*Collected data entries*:
^^^^^^^^

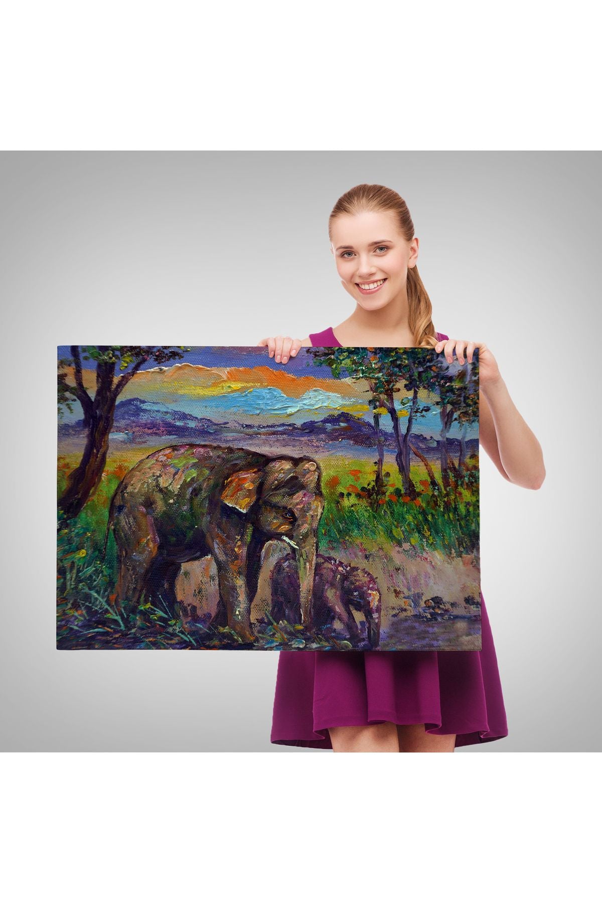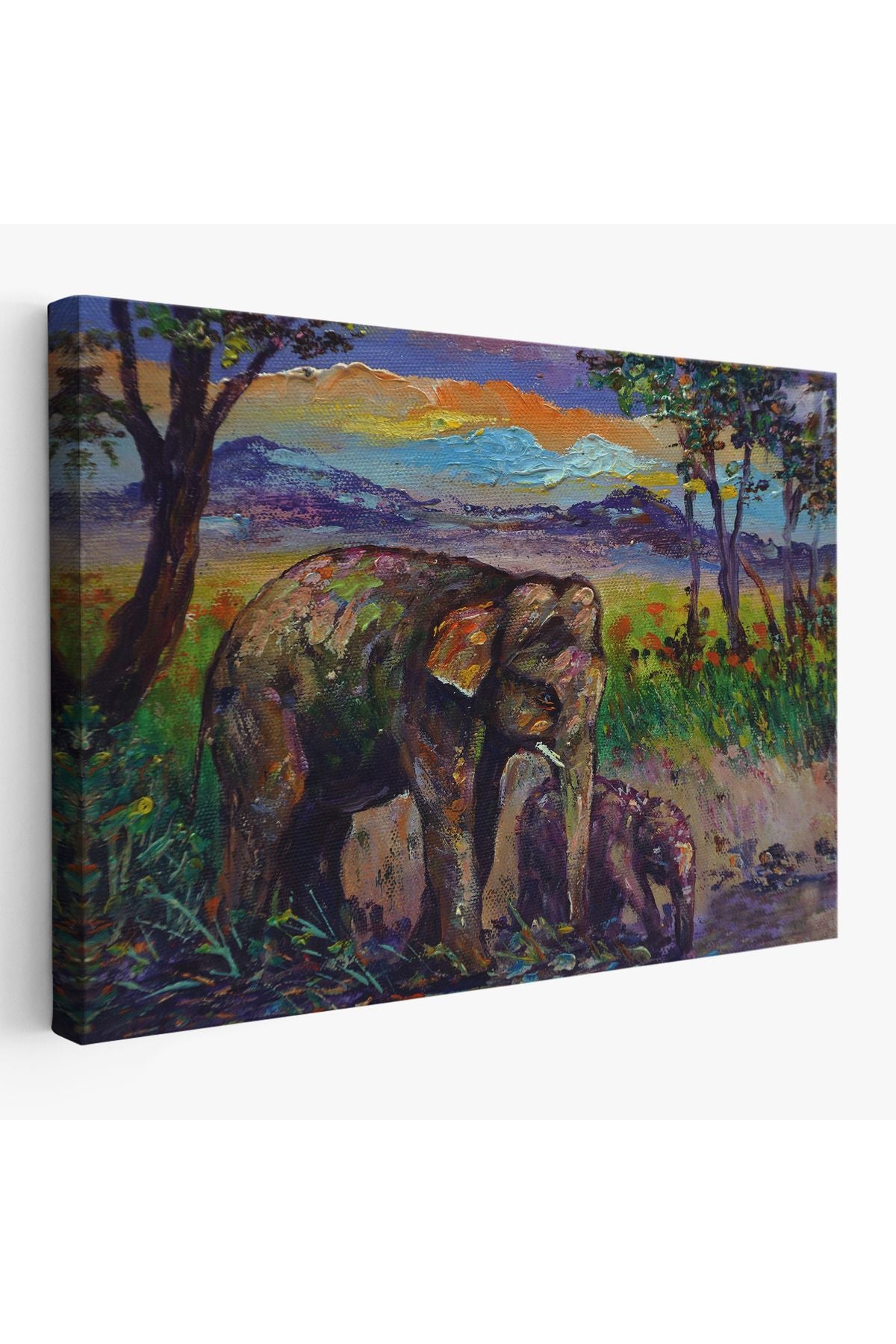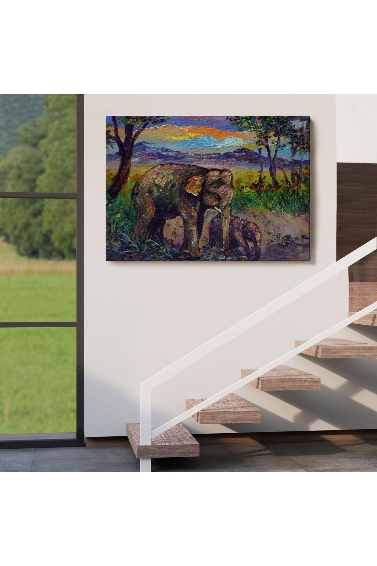 Ormandaki Yavru Fil ve Anne Fil Tablosu-1242
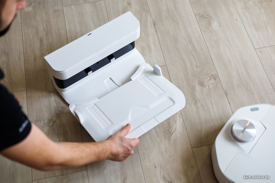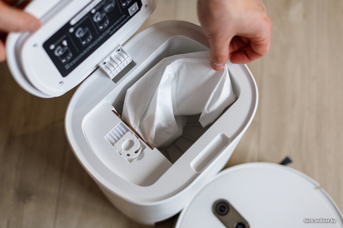 Также пылесос имеет в комплекте станцию самоочистки и пару сменных мешков к ней. После сухой уборки робот приезжает на станцию, которая всасывает мусор в специальный трехлитровый мешок. Это облегчает обслуживание, ведь контейнер не нужно вытряхивать часто. Но поставить робот вместе с базой под тумбу будет затруднительно: станция довольно высокая. Любопытно, что контакты для зарядки могут находиться с разных сторон в зависимости от установленного бака. И пылесос просто подъезжает к станции нужной стороной, после влажной уборки — просто стыкуется с ней без самоочистки.
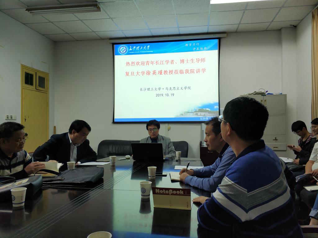 2019年10月19日晚,复旦大学博士生导师徐英瑾教授应邀莅临马克思主义学院,在云顶国际vip8866金盆岭校区4-503会议室作了题为“人工智能研究并不是你想的那样”的学术讲座。学院党委易显飞书记、陈万球院长,院教授委员会主任余乃忠教授,蒋显荣副教授、邓治文副教授等学院部分教师、研究生聆听讲座,讲座由陈万球教授主持。
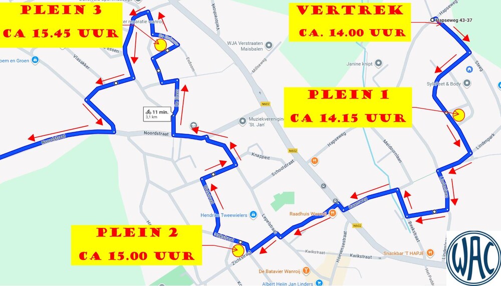 Dit jaar maken we weer een rondgang, vanaf 14.00 uur, mét 3 stops op diverse pleintjes, door Wanroij. De route vind je op het onderstaande kaartje.
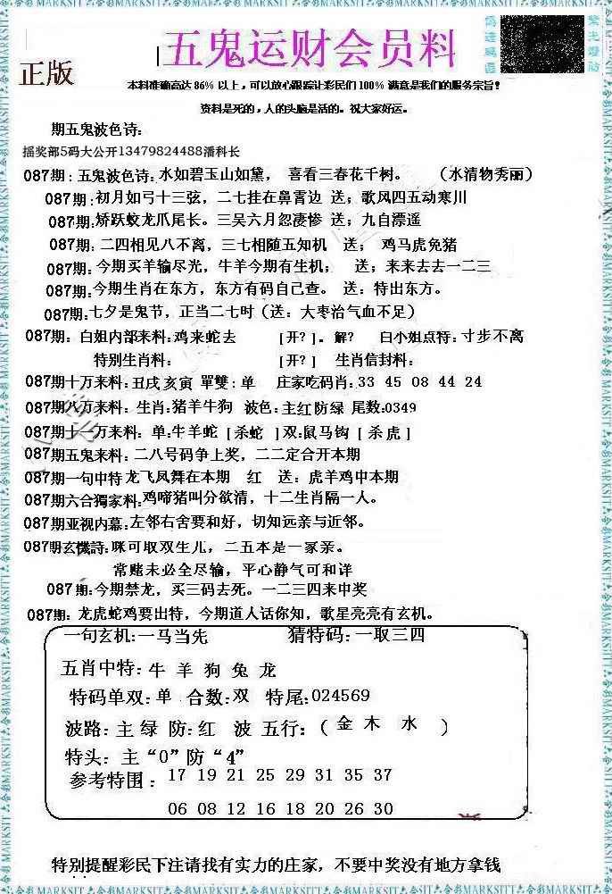 087期五鬼运财会员料[图]
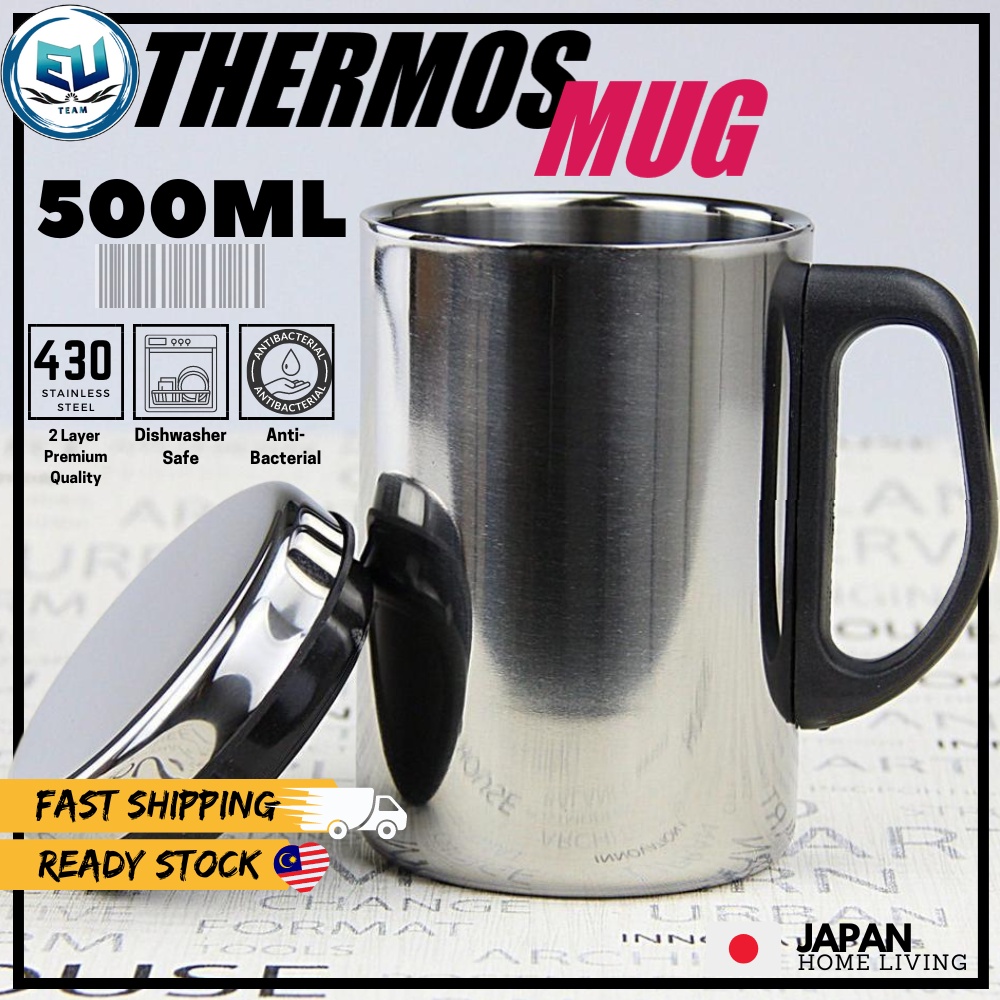 500ml Stainless steel cup double-layer water cup with lid/ tea cup /office thermos cup with lid cawan teh cawan termos
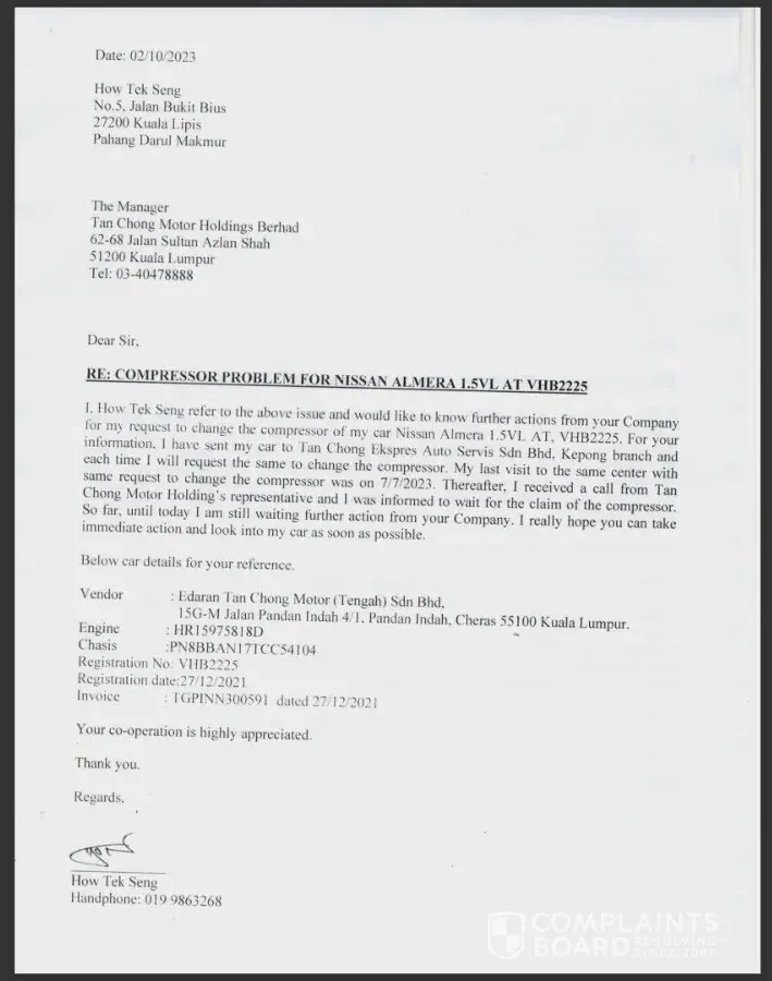I refer to our email dated 2nd October 2023 sent to customer service department of Tan Chong Ekspres Auto Service Sdn Bhd (Kuala Lumpur, Malaysia) in relation to our request to change air compressor of our car Nissan Almera 1.5VL AT as there was very obvious air compressor noise since we bought the car in Dec 2021. We were disappointed to receive an email dated 9th October 2023 from customer service of Nissan Malaysia stated that our request has been rejected due to the noise of the Air condition system is within the specification and the said part is still in good functioning condition.
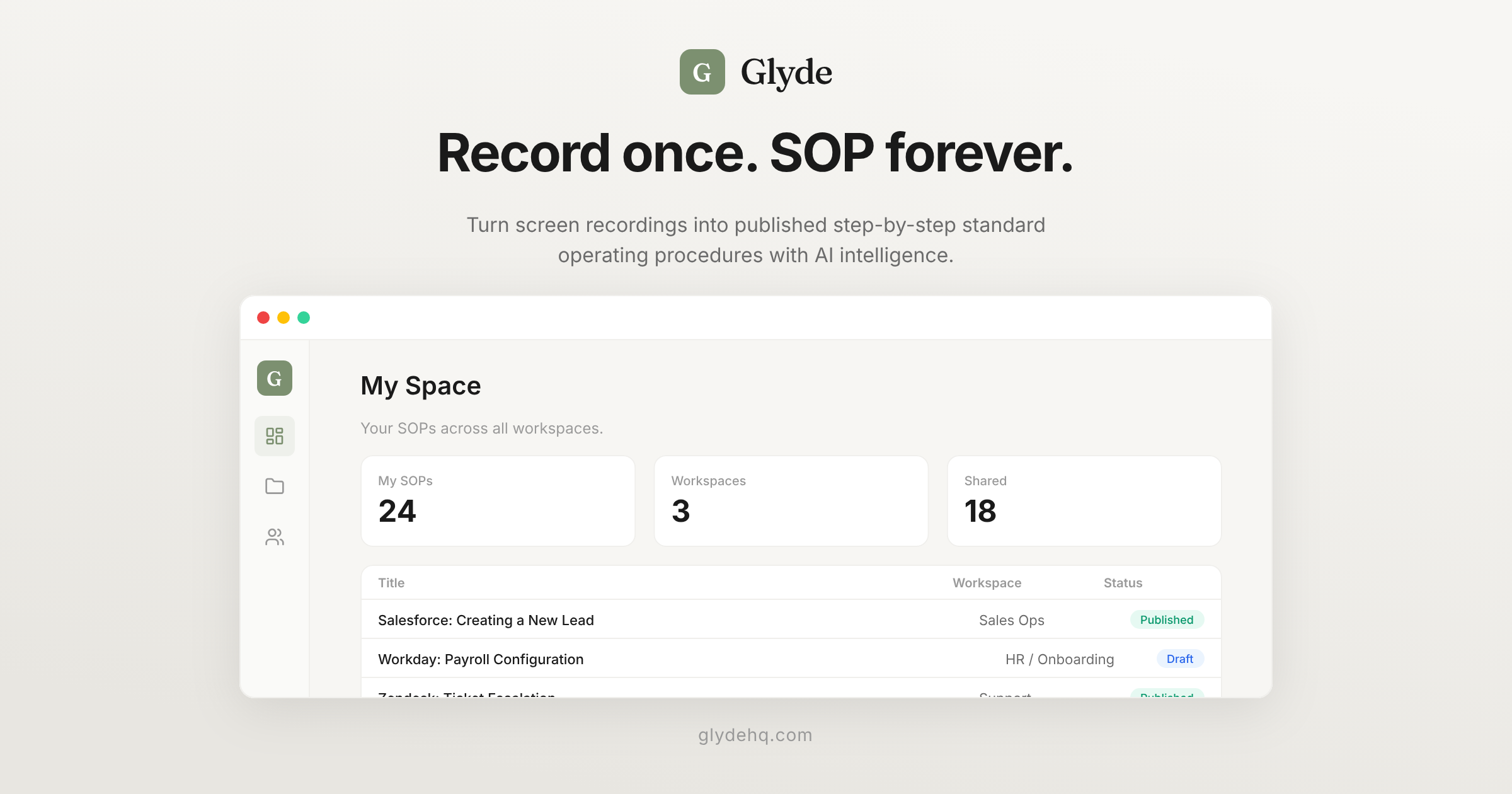 Glyde watches you work and writes a polished, step-by-step procedure. No templates. No editing. Add to Chrome — free.
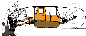 1 - держатель барабана; 2 - тормоз барабана; 3, 4 - направляющий ролик; 5 - вибратор; 6 - кассета для сигнальной ленты; 7 - кассета кабельного ножа; 8 - режущая кромка кабельного ножа; 9 - режущая кромка кабельного ножа; 10 - привод подъема кабельного ножа.
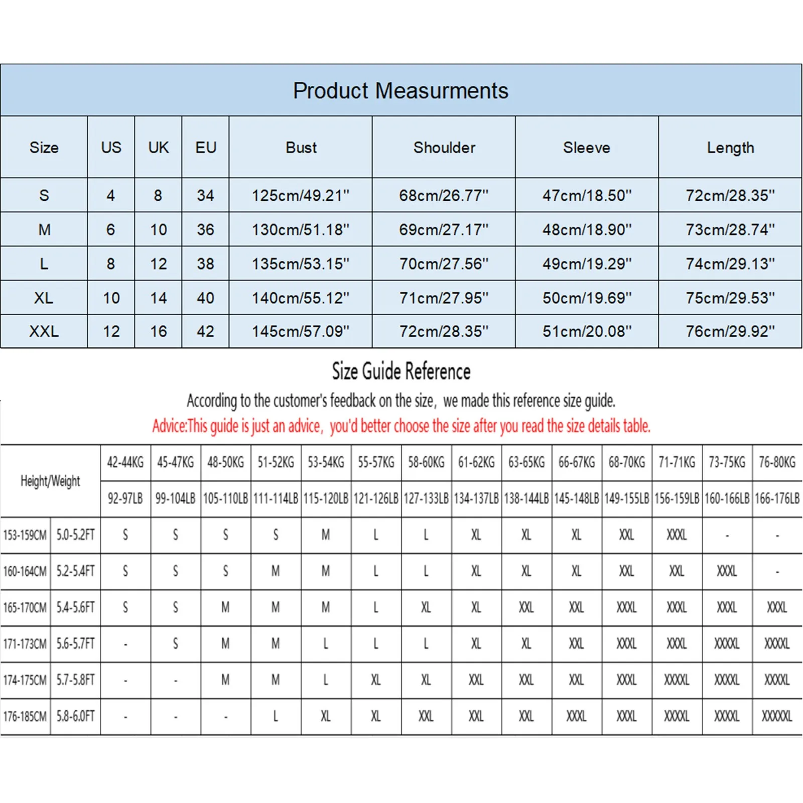| Size:XL | US:10 | UK:14 | EU:40 | Bust:140cm/55.12” | Shoulder:71cm/27.95” | Sleeve:50cm/19.69” | Length:75cm/29.53” |
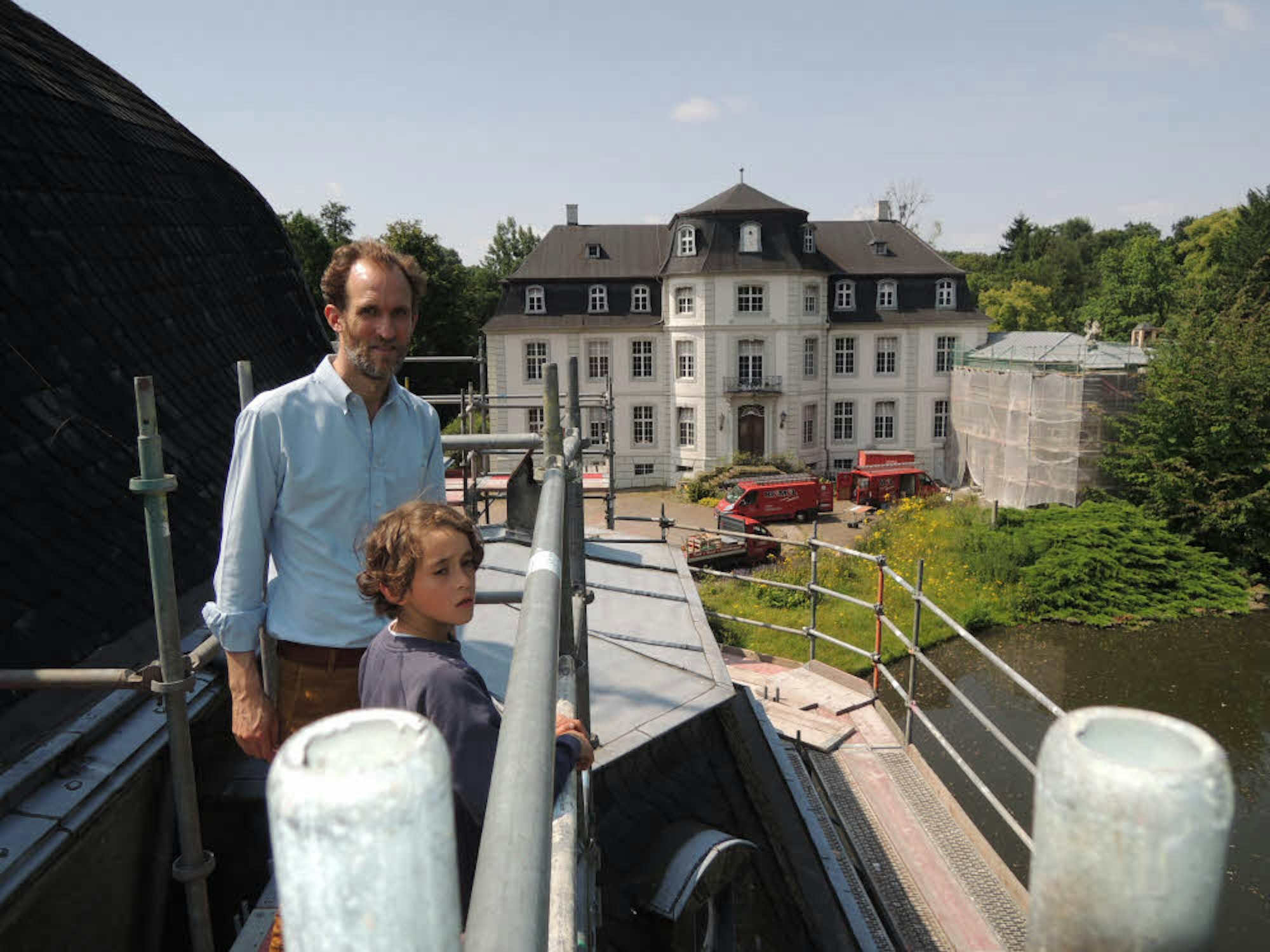 Severin Graf Hoensbroech mit Sohn Nepomuk blicken von einem Gerüst in den Park von Schloss Türnich. Am Dach der Kapelle neben dem Herrenhaus wird bereits gearbeitet.
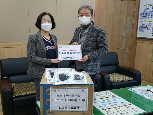 부평구(구청장 차준택)일신동은 지난 21일 동 기업인회로부터 마스크 1천 매를 기탁 받았다.
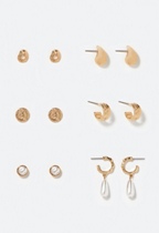 6-Pair Gia Mixed Stud and Hoop Earrings With Pearl Detail
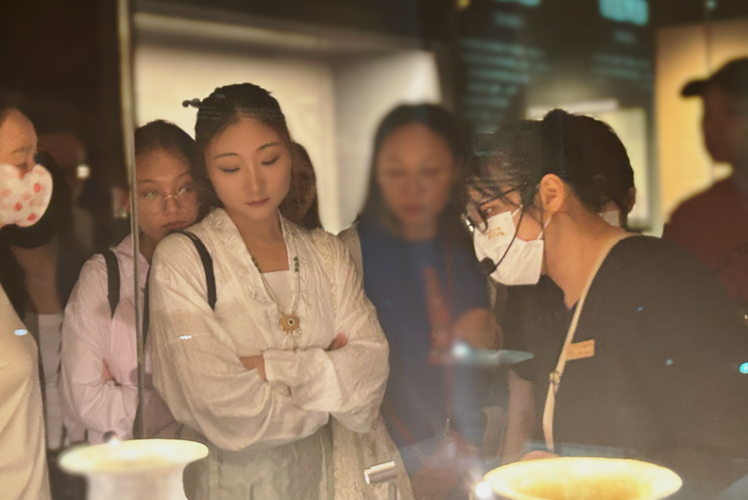 封晴同学认为每次参观博物馆都是一次与历史和文物对话的机会,特地在参观区博物馆前准备了要穿的中华汉服——马面裙。她在参观过程中了解到了羽纹铜凤灯的构造,感受到了古人的智慧。区博物馆里的每件文物都有独属于他们自己的故事,大部分文物经过时间更迭,融合了多民族地区特色。不仅有国内民族特色,还包括国外民族特色,这也是“中华民族共同体意识”形成的历史根据。

^^^^^^^^

*Work order*: Above are the records; repeat their lines from the first through the line containing "Также пылесос имеет", and leave out each picture.

*Answer for the task*:
 Ormandaki Yavru Fil ve Anne Fil Tablosu-1242
 Также пылесос имеет в комплекте станцию самоочистки и пару сменных мешков к ней. После сухой уборки робот приезжает на станцию, которая всасывает мусор в специальный трехлитровый мешок. Это облегчает обслуживание, ведь контейнер не нужно вытряхивать часто. Но поставить робот вместе с базой под тумбу будет затруднительно: станция довольно высокая. Любопытно, что контакты для зарядки могут находиться с разных сторон в зависимости от установленного бака. И пылесос просто подъезжает к станции нужной стороной, после влажной уборки — просто стыкуется с ней без самоочистки.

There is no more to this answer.